### [Excerpted records]
···
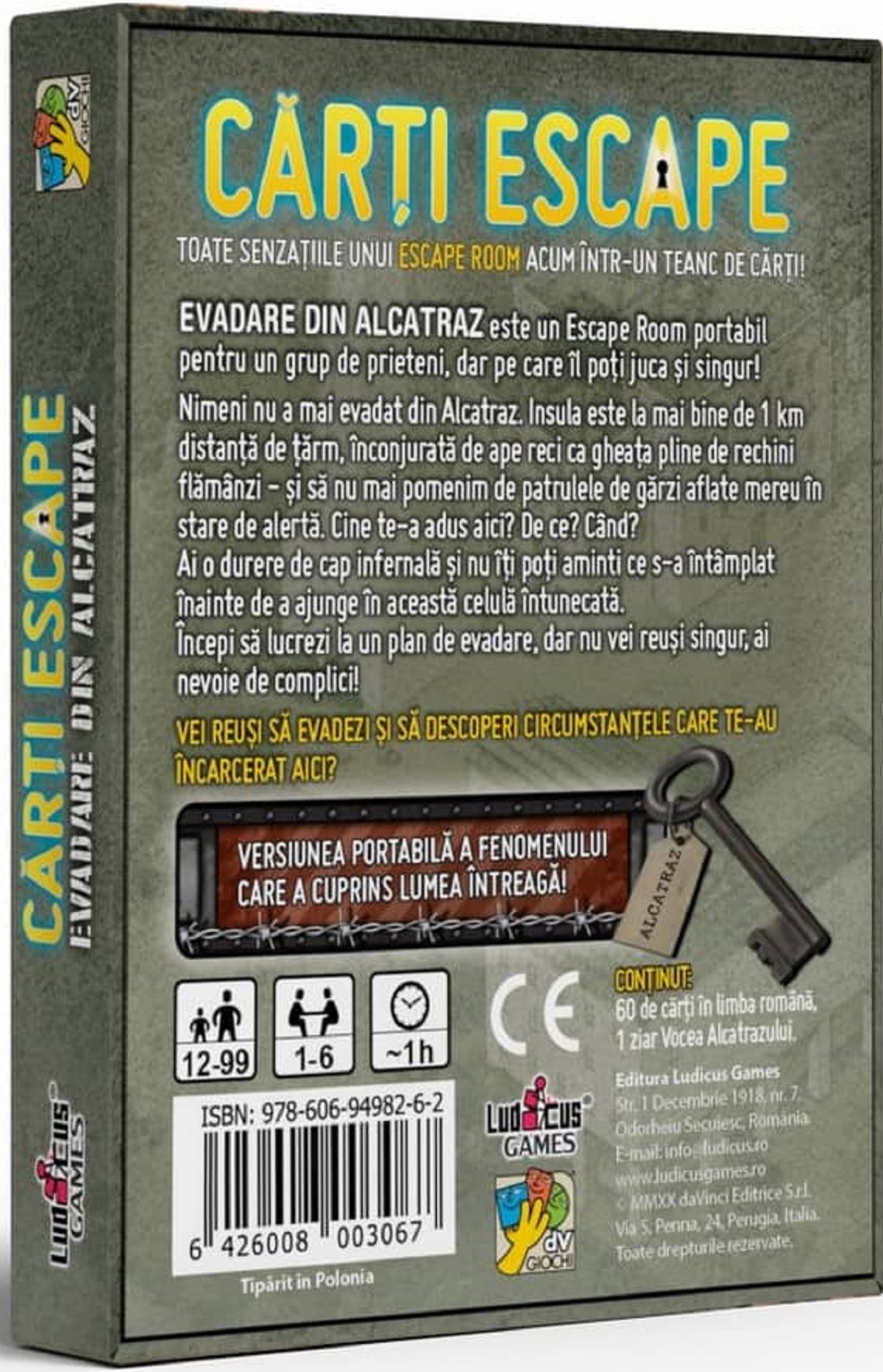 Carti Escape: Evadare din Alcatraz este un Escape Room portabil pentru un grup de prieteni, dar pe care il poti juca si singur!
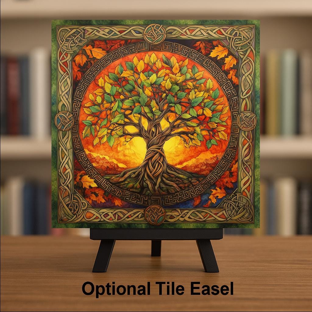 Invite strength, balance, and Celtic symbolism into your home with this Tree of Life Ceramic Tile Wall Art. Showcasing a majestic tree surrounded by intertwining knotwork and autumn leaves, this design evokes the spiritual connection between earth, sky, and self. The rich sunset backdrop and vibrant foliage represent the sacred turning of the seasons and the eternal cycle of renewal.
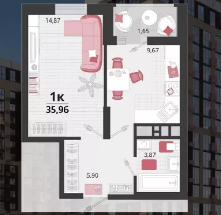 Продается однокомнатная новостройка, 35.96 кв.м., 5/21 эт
···
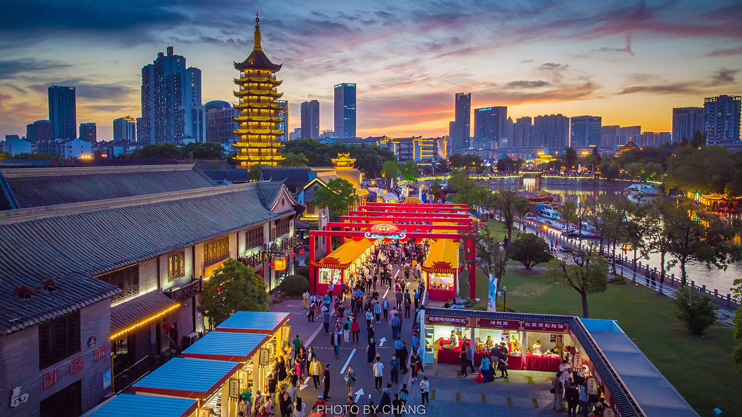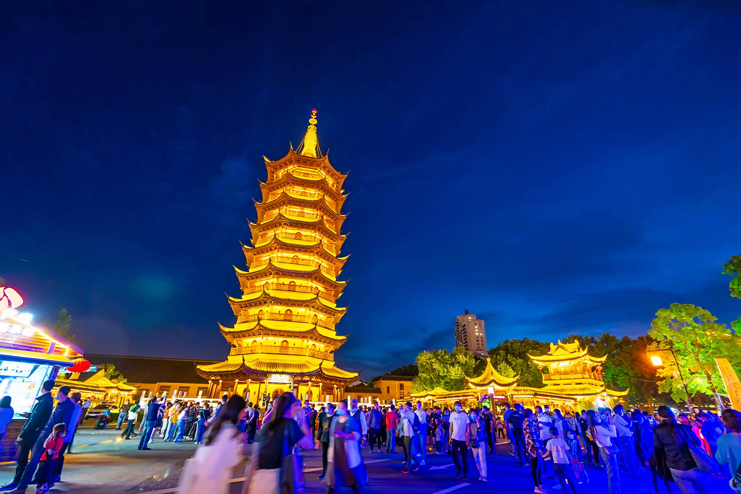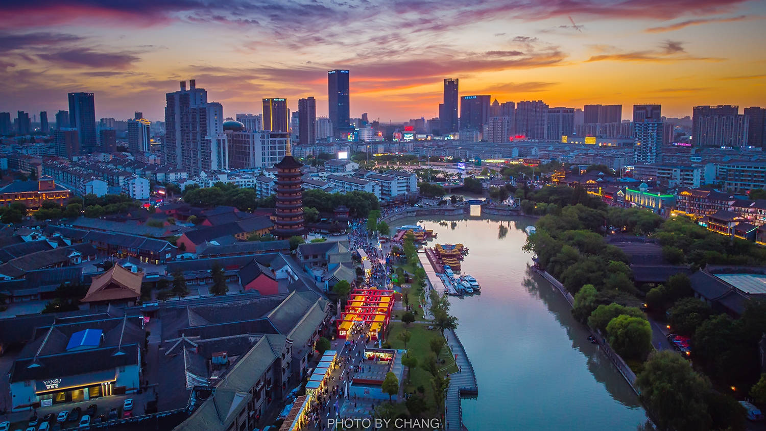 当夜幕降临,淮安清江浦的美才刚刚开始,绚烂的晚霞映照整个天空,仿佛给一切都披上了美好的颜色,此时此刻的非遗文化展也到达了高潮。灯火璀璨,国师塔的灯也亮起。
···
### [What you are asked to do]
Return only the part above that opens with the line containing "Carti Escape: Evadare" and closes with the line containing "Продается однокомнатная новостройка, 35.96", exactly and with both ends, skipping the pictures.

### [Task response]
 Carti Escape: Evadare din Alcatraz este un Escape Room portabil pentru un grup de prieteni, dar pe care il poti juca si singur!
 Invite strength, balance, and Celtic symbolism into your home with this Tree of Life Ceramic Tile Wall Art. Showcasing a majestic tree surrounded by intertwining knotwork and autumn leaves, this design evokes the spiritual connection between earth, sky, and self. The rich sunset backdrop and vibrant foliage represent the sacred turning of the seasons and the eternal cycle of renewal.
 Продается однокомнатная новостройка, 35.96 кв.м., 5/21 эт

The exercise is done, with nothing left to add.